The readings today might lead us to ask the question: What do we do in difficult times? Nehemiah is in exile - far away from home - his past life is literally in ruins. Jesus is experiencing potential followers who are reluctant to follow him. They delay, are too attached to something or someone, or are just not ready to respond freely.
Sound familiar? I think these are difficult times for many of us. I can't count the number of times I've heard people tell me how much they long for days which were more trouble free. I find myself, as I age, that I've looked back at times to former periods of my life which were less complicated, when I had more control of my faculties, when there was less conflict and people seemed to get along better.
Sadly, I've also heard, as most of us have, the stories of so many people who are struggling in this global economic downturn - people who have lost their job, have trouble keeping up with their house payments or rent. We've all heard about, and experienced, a progressive breakdown in values we used to just assume were part of a healthy culture around us: people aren't so sure about what's right and wrong; some have lost confidence in Church leaders; parents question what happened to their adult children's values; consumerism and individualism seem to have conspired to create a culture of selfishness and disregard for our common responsibility for the most vulnerable in our society. Who hasn't seen or experienced the temptation to blame God for all this?
I recently suggested to someone that it might be more likely that God is sadder about all this than any of us imagine and that God really wants to support us, comfort us in these struggles, and then wants to send us to be in the midst of all of this mess with love - actually loving others as we have been loved. The person seemed very surprised and said, "I never thought of it that way. I guess I've been clinging to an image of God from my childhood, hoping God would make everything easy for us all the time and protect us from the foolishness and sinfulness of others."
Today, let us examine ourselves in terms of the challenges we face and our relationship with God.
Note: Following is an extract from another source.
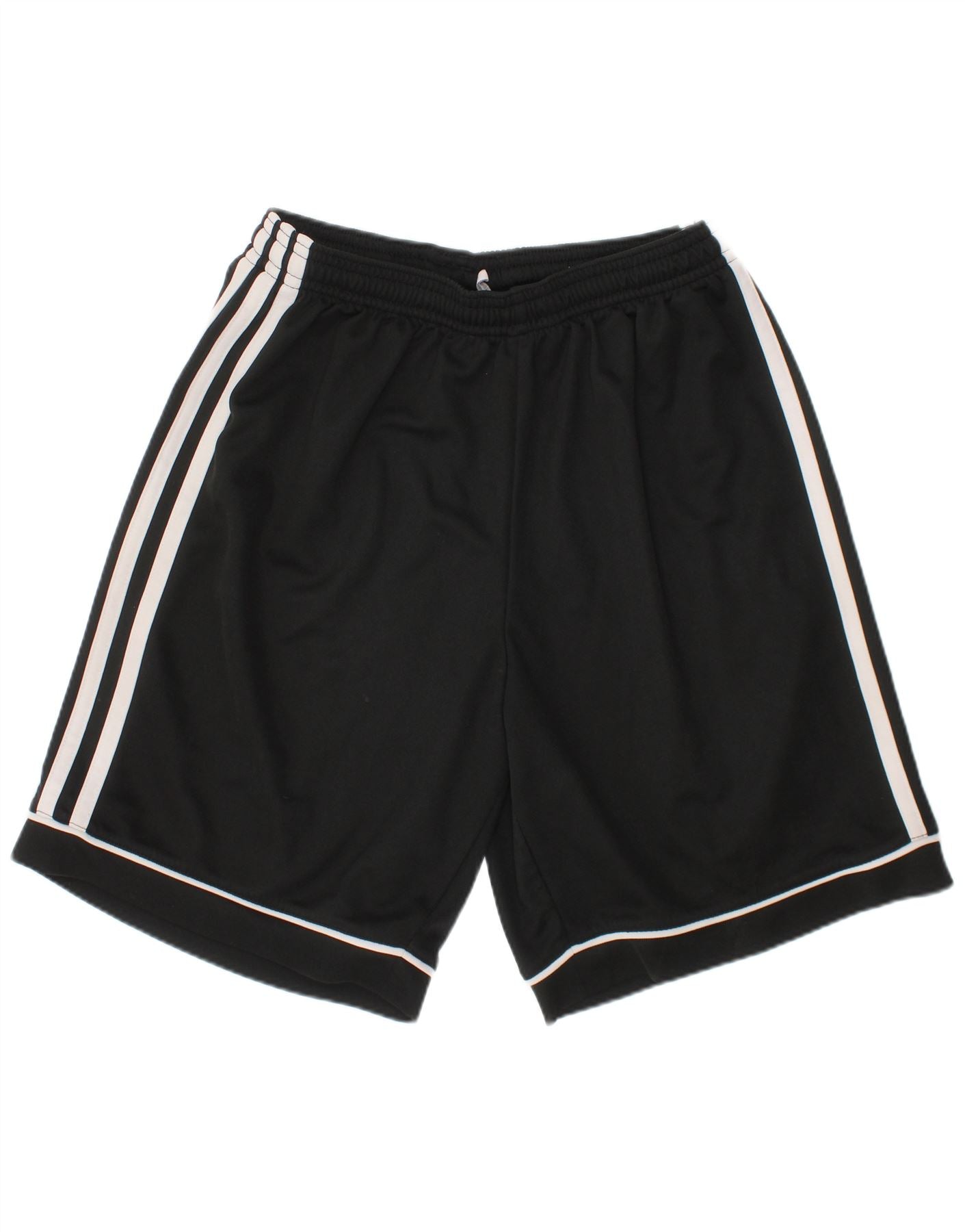 - Descrição da IA: Este short masculino da Adidas é confeccionado em camisa de poliéster preta leve e respirável. Eles apresentam uma cintura elástica para um ajuste confortável e atlético. O corte regular garante facilidade de movimento. Listras brancas clássicas percorrem cada lado, adicionando um detalhe esportivo exclusivo. A bainha está bem acabada. Projetados para uso ativo, esses shorts oferecem conforto e estilo para jovens atletas.

How is Jesus inviting us to respond? Let's ask for the graces to respond freely - with hope and confident trust - each day, in the concrete situations in which we find ourselves. Sometimes the call will be in terms of how quickly and lovingly we respond to the people closest to us. Sometimes we will be asked to participate, pitch in, contribute in some way to building a community of people positively responding to those in need.
Nehemiah got out of his sadness by getting up and going to a ruined Jerusalem and re-building it. Jesus' first disciples, filled with the gift of his Spirit, proclaimed the Good News of his ongoing presence among us, and gave their lives to being for others. May we not be deaf, or even reluctant, to respond to his call today.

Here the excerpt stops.